These pessimistic numbers are countered by others that are more positive. Recent data on the disease confirm a notable reduction in mortality as well as in frequency of hospital care due to asthma.5,6 It is considered that the causes of said reduction could be related with the possible improvement in the attention given by health-care professionals,5 the extensive diffusion and the impact of the guidelines for clinical practice in asthma,7,8 and particularly by the greater use of inhaled corticosteroids.9 In addition to the favorable effects of this group of drugs, we must also take into account the appearance of the new formulations of the last 15–20 years: long-acting β2-adrenérgic agonists combined in one single inhaler with corticosteroids,10 and also leukotriene receptor antagonists.

Nevertheless, there is limited information available on the recent natural history of asthma in standard clinical practice. Specifically, in our setting there are no longitudinal studies in significant patient samples analyzing the predictable changes in morbidity and quality of life over the last 20 years. Along the same lines, there are no studies that have evaluated the impact that the possible changes in morbidity and new treatments could have on the total costs of the disease.

In said context, the cohort of patients known as “asthma in Osona” represents the ideal framework for responding to the questions posed. This group of patients, who have been followed up without interruption by the same group of professionals for twenty years, have provided valuable information in the past about different clinical and economic aspects related with the disease.11,12 From this standpoint, the objective of the present study was to determine, in the mentioned patient cohort, the magnitude of the evolutionary changes in their disease in terms of morbidity and mortality, lung function, quality of life and costs during the ten-year period from 1994 to 2004.

Materials and Methods

A prospective, longitudinal, descriptive, realistic study designed in order to determine changes in morbidity and mortality, lung function, quality of life and the costs of a cohort of patients with asthma observed for 10 years (1994–2004). It was carried out in the district of Osona, a semi-rural area in the province of Barcelona (Spain), with some 150,000 inhabitants. The study protocol was approved by the Clinical Research Ethics Committee of the Hospital General de Vic, and all the patients granted their consent to participate.

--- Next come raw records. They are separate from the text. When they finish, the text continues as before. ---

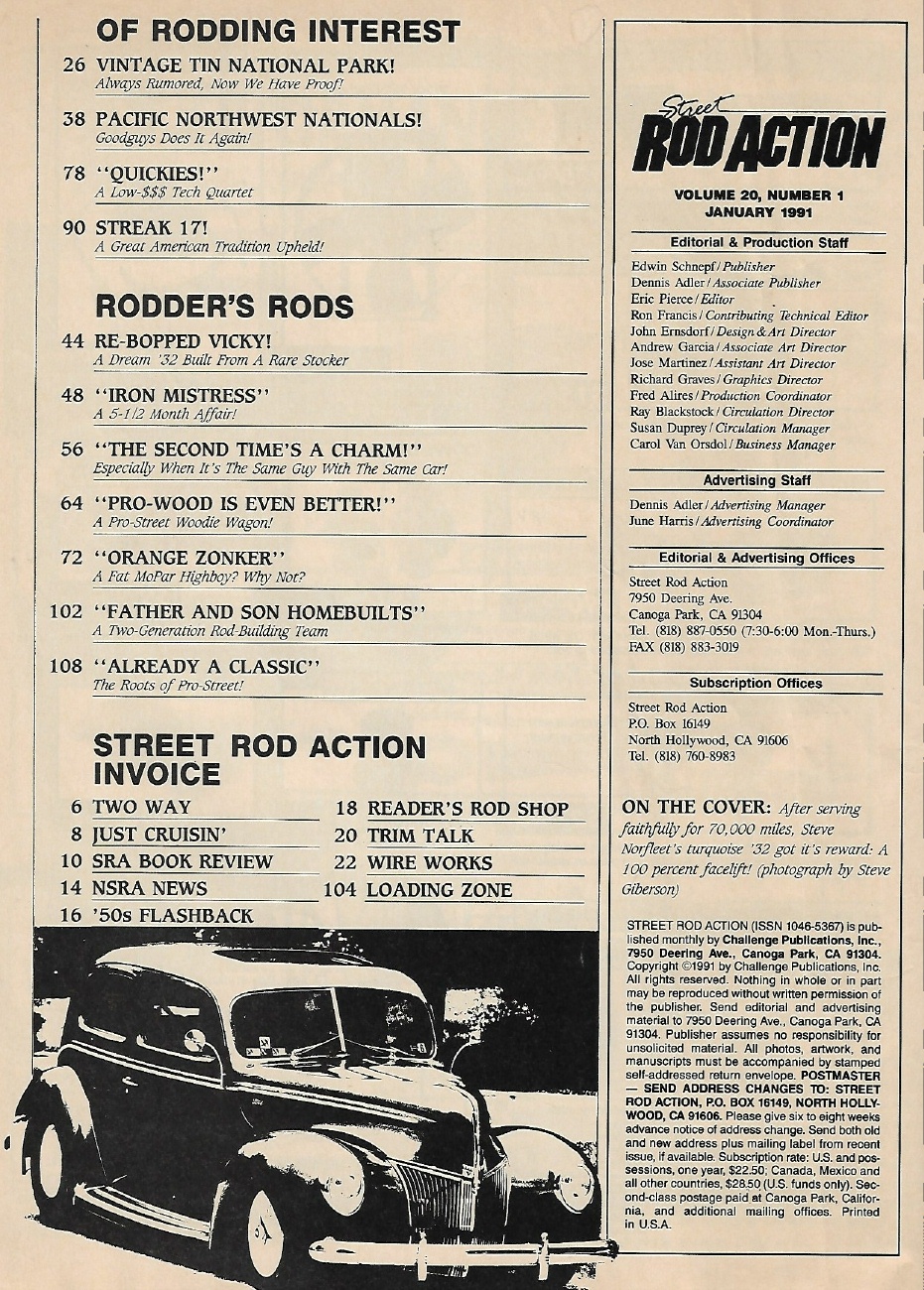 Reviews STREET ROD ACTION 1991 JAN - FLUSH-FIT GLASS, REVERSED WHEELS, GASKETS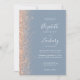 El lado izquierdo de esta elegante y moderna invitación a la boda tiene un diseño de purpurina de melocotón. El texto del personalizable combina la escritura a mano en blanco, el copperplate y las letras cursivas en un fondo azul polvoriento. En el reverso, el purpurina de melocotón y el azul polvoriento combinan a la perfección.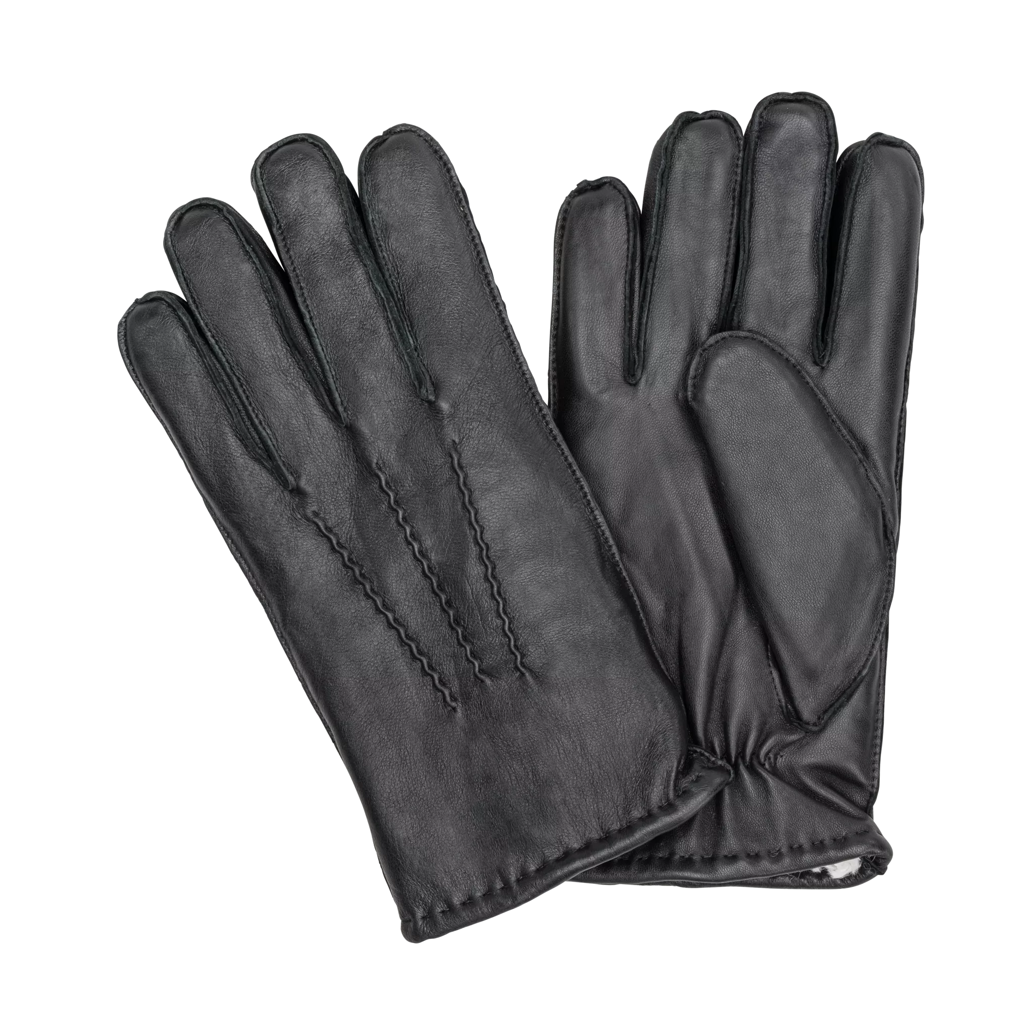 Smidiga handskar av svart fårnappa med dekorsöm på handryggen. Fodrade med mjuk pälsimitation av polyester.

The study entails a follow-up of a patient cohort with asthma whose methods have been previously published.11,12 Briefly, the patients included were over the age of 14 and diagnosed with asthma according to the ATS criteria.13 Their disease intensity was classified according to initial severity (1992 NIH Consensus).14 The patients were seen routinely at the primary-care level and once a year at the outpatient consultations of the pneumology department of the hospital, where the degree of control was determined and the treatment adjusted.

Out of the 330 patients initially evaluated in phase I (1994), 220 (66.7%) were evaluable in phase II (2004). The causes of the 110 losses are compiled in Fig. 1. For the patients who had died over the follow-up period, the cause of death was determined by means of family interview and review of the patient medical files and reports.

Figure 1.

Flowchart of the cases lost to follow-up over the course of the 10-year study.

(0.08MB).

Out of a total of 220 patients who were evaluable in the end, both in phase I (1994) as well as in phase II (2004), the following data were compiled and grouped into four categories:

  • Clinical symptoms and morbidity caused by asthma during the previous year: number of visits to the primary care physician, visits to the emergency room, hospitalizations, days of absenteeism from work, short cycles of oral steroids and standard maintenance treatment received. The information was obtained both from the patient as well as from the medical files.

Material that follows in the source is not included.